Weiter gehts mit dem Bachlauf.


----------



## Darven (22. Apr. 2012)

*AW: Heimlicher Mitleser sagt Hallo!*

Hallo Andy,
sieht ja super aus! Wie hast Du das mit den Steinen gemacht, die gehen ja fast senkrecht nach unten? wie halten die an der Folie??

ich überlege nämlich immer noch wie ich die Seiten mit Kies o.ä. zubekomme.


----------



## gismo (3. Mai 2012)

*AW: Heimlicher Mitleser sagt Hallo!*

Servus Darven,
ich habe die Steine von Grund auf einfach gestapelt.
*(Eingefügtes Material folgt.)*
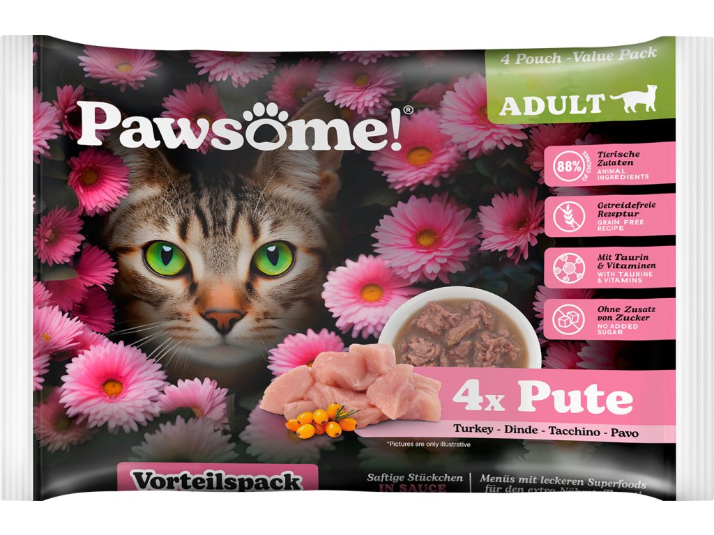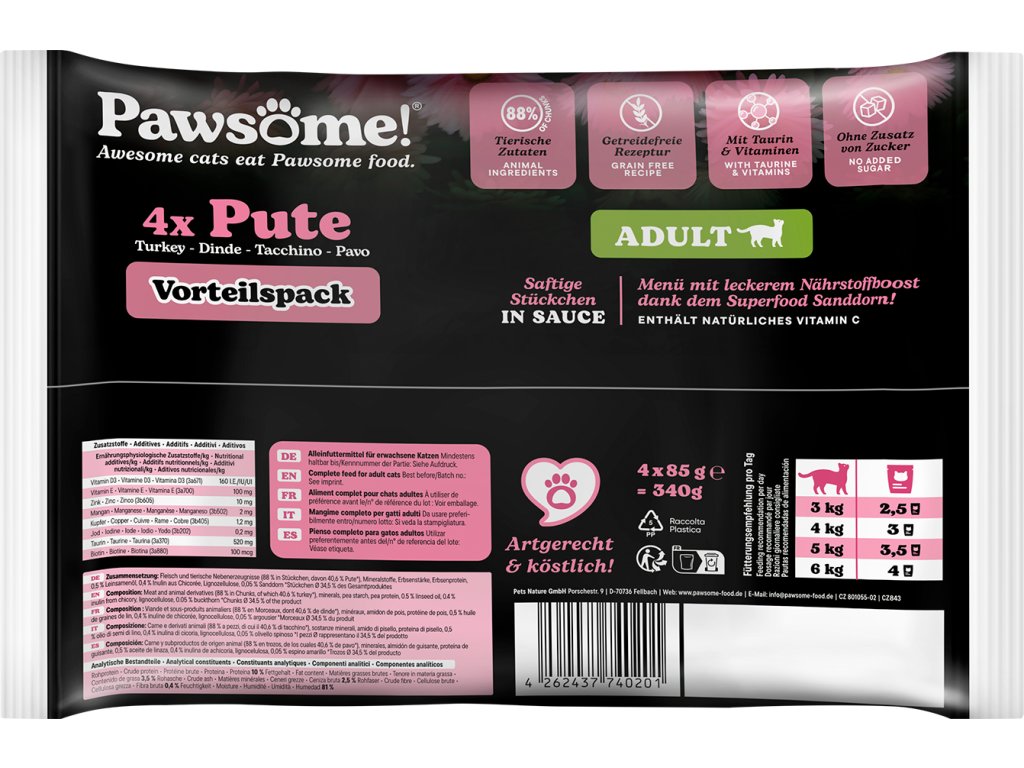 Pawsome Pawsome! Adult Kapsička s krůtím masem Multipack 4x85g

Da es eine leichte schräge ist halten diese sehr gut ohne kleber!

Es hat sich einiges getan am/im Garten/Teich....

denn Druckfilter in einer leeren Blechtonne versteckt die fast eben mit der Erdschicht ist...





Fast fertig mit Steinen ausgelegt..






Und noch eins vom kleinen Wasserfall 






Nun noch eine Frage zu meinen Goldfischen:

Wärend des Umbaus waren sie fast immer an der Wasseroberfläche und schwommen durch denn Teich.
Da ich jetzt fast fertig bin ist mir aufgefallen, das die Fische jetzt Tagsüber in der tiefsten stelle alle zusammen sind und sich nicht vom fleck rühren. Abends wenns dämmert kommen sie dann an die Oberfläche und schwimmen wild umher. Das Furre fressen sie dann auch.
Was werden sie woll haben?


----------



## lutzdoggen (4. Mai 2012)

*AW: Heimlicher Mitleser sagt Hallo!*

Hallo das ist bei mir genauso meist seh ich sie erst gegen den späten Nachmittag und fressen tun sie oft erst nachts.
LG
Uwe und die Doggenbande


----------



## Digicat (4. Mai 2012)

*AW: Heimlicher Mitleser sagt Hallo!*

Servus Andy



> Was werden sie woll haben?


Hört sich nach verschreckt/ängstlich an ...

Sind irgendwelche Tiere in letzter Zeit am Teich gewesen


----------



## gismo (4. Mai 2012)

*AW: Heimlicher Mitleser sagt Hallo!*



Digicat schrieb:


> Servus Andy
> 
> 
> Hört sich nach verschreckt/ängstlich an ...
> ...


Servus,
ich weiß nur das meine alte Katze umherstreift, im alten Teich hatt den Fischen das auch nix ausgemacht!


----------



## Echinopsis (4. Mai 2012)

*AW: Heimlicher Mitleser sagt Hallo!*

..danke für Deine Vorstellung Andy und herzlich willkommen bei uns im Forum!
Fühl Dich wohl..und bei Fragen immer her damit, hier beißt niemand!


----------



## lutzdoggen (7. Mai 2012)

*AW: Heimlicher Mitleser sagt Hallo!*

Hallo Helmut,
ja ein Wildentenpärchen landet immer mal, die hab ich im Verdacht.
Ansonsten streunt Nachbars Katze rum aber nur wenn die Doggen im Haus sind.
LG
Uwe


----------



## gismo (19. Mai 2012)

*AW: Heimlicher Mitleser sagt Hallo!*

Hallo,
meine Fische haben sich schon ein weing beruhigt und kommen auch Tagsüber schon an die Oberfläche!
ich würde gern noch evtl REGENBOGENELRITZEN  einsetzen. Kann ich die mit meinen Goldis zamtun?

Wo bekomm ich die Fische?
Vielleicht hatt ja wer in meiner nähe welche und würde mir ein oder zwei paar abgeben, natürlich nicht umsonst!


----------



## katja (19. Mai 2012)

*AW: Heimlicher Mitleser sagt Hallo!*

hallo gismo

du kannst auch bei unserem forummitglied werner (wp-3d) regenbogenelritzen kaufen http://www.notropis-zucht.de/regenbogen_shiner_-_notropis_chrosomus.html

auf dieser seite findest du alle infos zu den fischen


----------